/typenshtein

A weighted levenshtein that takes typiness into consideration

Primary LanguageJavaScript

typenshtein

A weighted levenshtein that takes typiness into consideration.

Typiness is the relative quality of being a typo. In lay terms, this means that a character that is closer to another in a hypothetical keyboard has more typiness relative to the other that one that is distant.

A typo is when a creature with the capacity of writing potencially correct words – typically humans – fails to do so because its members employed in that task – typically fingers – do not perform their function correctly, either by a mismatch between their central nervous system signals and the member motricity execution or simply because they are using a keyboard that they are not used to – typically Swedish –, so that their "muscle memory" fails to "remember" the right moves and end up typing one or more wrong characters. The wrongly typed characters statistically tend to be physically close to the originally intended character, and a proper detection of typos needs to take that into consideration.

Typos are normally not intentional, but this library can detect also intentional ones – there's no way to distinguish them without mind reading, which might be possible in the near future.

Detecting typos is an important thing to do because a typo can, for instance, prevent the proper delivery of a vital email or change the meaning of an intended message from "do you have a small unit of time to help me?", like in "do you have a sec?" to "were you born in a determined gender?", like in "do you have a sex?" (or any other interpretation of that sentence). This is just one example of a possible misunderstanding, but they may be harmful enough to end marriages and even cause global wars.

In practice though, this library just calculates the distance of two points in a cartesian plain.

Usage:

const { typenshtein, regularKeyboard } = require('typenshtein')

const typenshteinForRegularKeyboard = typenshtein(regularKeyboard)

typenshteinForRegularKeyboard('aaa', 'aaa') // 0 - precise
typenshteinForRegularKeyboard('aaa', 'sss') // 0 - very close, certainly typo
typenshteinForRegularKeyboard('aaa', 'www') // 1.50...4 - not so much
typenshteinForRegularKeyboard('aaa', 'ppp') // 2.9634... - far away

typenshteinForRegularKeyboard('...', '///') // 3 - not in keyboard...

// your own custom keyboard
const { typenshtein } = require('typenshtein')

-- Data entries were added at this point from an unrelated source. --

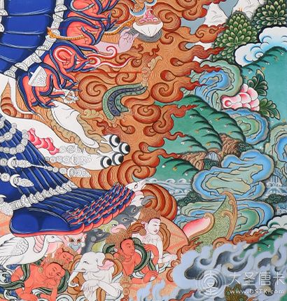該作品在表現(xiàn)形式及構(gòu)圖和設(shè)色上吸收了漢地工筆畫的畫風(fēng),與藏傳繪畫藝術(shù)兼容并蓄,在傳統(tǒng)上加進(jìn)自己對(duì)繪畫和佛教的理解來創(chuàng)作,意境遼遠(yuǎn)。線條的繪制手法精湛,細(xì)致而不纖弱,流暢舒緩。
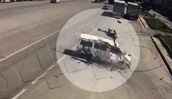 Amasya'da meydana gelen feci kazada minibüsle çarpışan motosikletteki şahıs hızla havalanarak minibüsün üstüne düştü. O anlar çevredeki güvenlik kameralarına saniye saniye yansıdı.
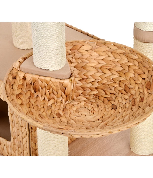 Der Kratzbaum ist außerdem aus stabilem Massivholz gefertigt. Der Fuß und die mittlere Plattform bestehen ebenfalls aus Holz, während die Höhle, Liegeflächen und die Liegemulde aus dem Naturmaterial Wasserhyazinthe geflochten sind. Ihre Katze wird Sie für das gute Gefühl auf diesen unterschiedlichen Materialien lieben!
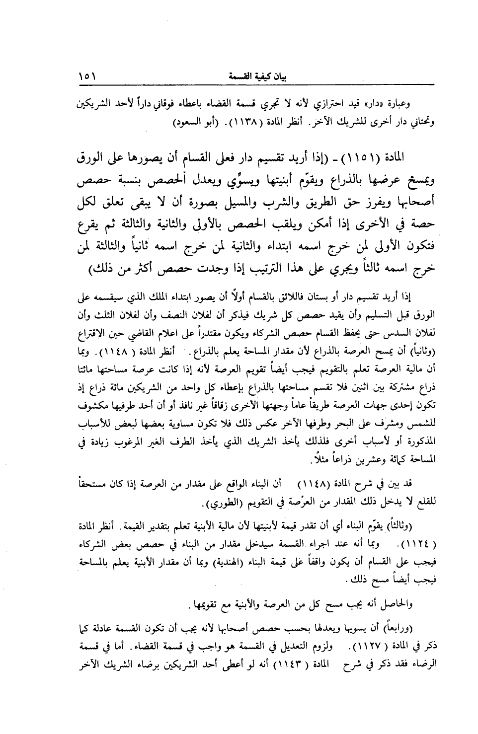 الْمَادَّة (1151) - (إذَا أُرِيدَ تَقْسِيمُ دَارٍ فَعَلَى الْقَسَّامِ أَنْ يُصَوِّرَهَا عَلَى الْوَرِقِ وَيَمْسَحَ عَرْضَهَا بِالذِّرَاعِ وَيُقَوِّمَ أَبْنِيَتِهَا وَيُسَوِّيَ وَيُعَدِّلَ الْحِصَصَ بِنِسْبَةِ حِصَصِ أَصْحَابِهَا وَيَفْرِزَ حَقَّ الطَّرِيقِ وَالشُّرْبِ وَالْمَسِيلِ بِصُورَةِ أَنْ لَا يَبْقَى تَعَلُّقٌ لِكُلِّ حِصَّةٍ فِي الْأُخْرَى إذَا أَمْكَنَ وَيُلَقِّبَ الْحِصَصَ بِالْأُولَى وَالثَّانِيَةِ وَالثَّالِثَةِ ثُمَّ يُقْرِعَ فَتَكُونُ الْأُولَى لِمَنْ خَرَجَ اسْمُهُ ابْتِدَاءً وَالثَّانِيَةُ لِمَنْ خَرَجَ اسْمُهُ ثَانِيًا وَالثَّالِثَةُ لِمَنْ خَرَجَ اسْمُهُ ثَالِثًا وَيَجْرِي عَلَى هَذَا التَّرْتِيبِ إذَا وُجِدَتْ حِصَصٌ أَكْثَرُ مِنْ ذَلِكَ) .
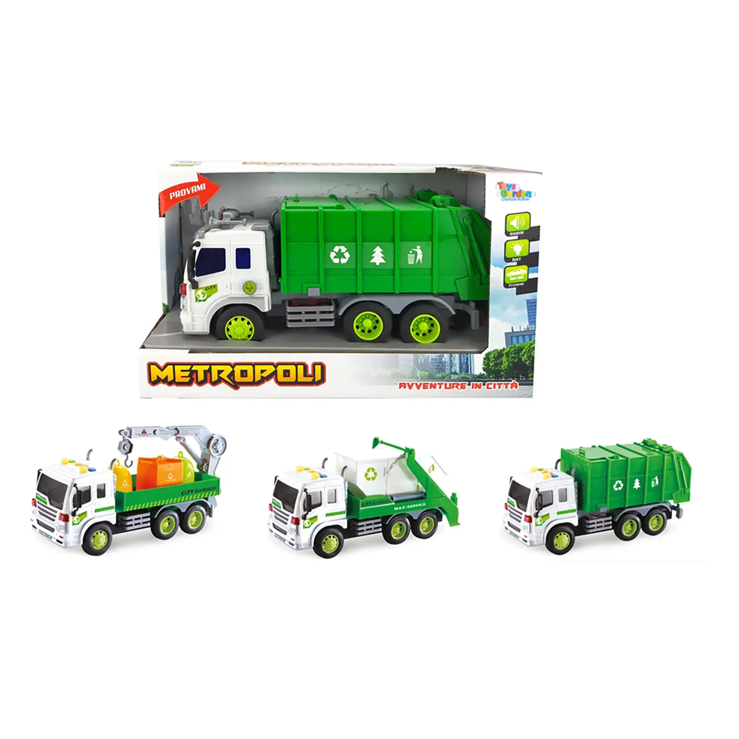 Disponibile in tre varianti di camion ecologici per un gioco ancora più vario e coinvolgente.

const typenshteinForMyKeyboard = typenshtein({
  'ä': [0, 0],
  'β': [0, 1],
  ...
})

// actual real world use case
typenshteinForRegularKeyboard('gmail.com', 'gnail.com') // 0
typenshteinForRegularKeyboard('gmail.com', 'gbail.com') // 0.75

// the regular levenshtein doesn't distinguish both cases
levenshtein('gmail.com', 'gnail.com') // 1
levenshtein('gmail.com', 'gbail.com') // 1

Custom keyboards

As shown in the example above, you can create your own keyboard. A keyboard is just a map – an object –, with the characters as keys, and a vector: an array with 2 items, where the first represents the row of the character in the keyboard and the second represents the column. For instance, in a regular qwerty keyboard, q would be [0, 0], w would be [0, 1] and so on. a, being in the next row would be [1, 0].

The name

Typenshtein can be a portmanteau of "typo" and "levenshtein". It can also be a person who is influenced both by Russell's type theory and Ludwig Wittgenstein, usually not known as Typenshteinians.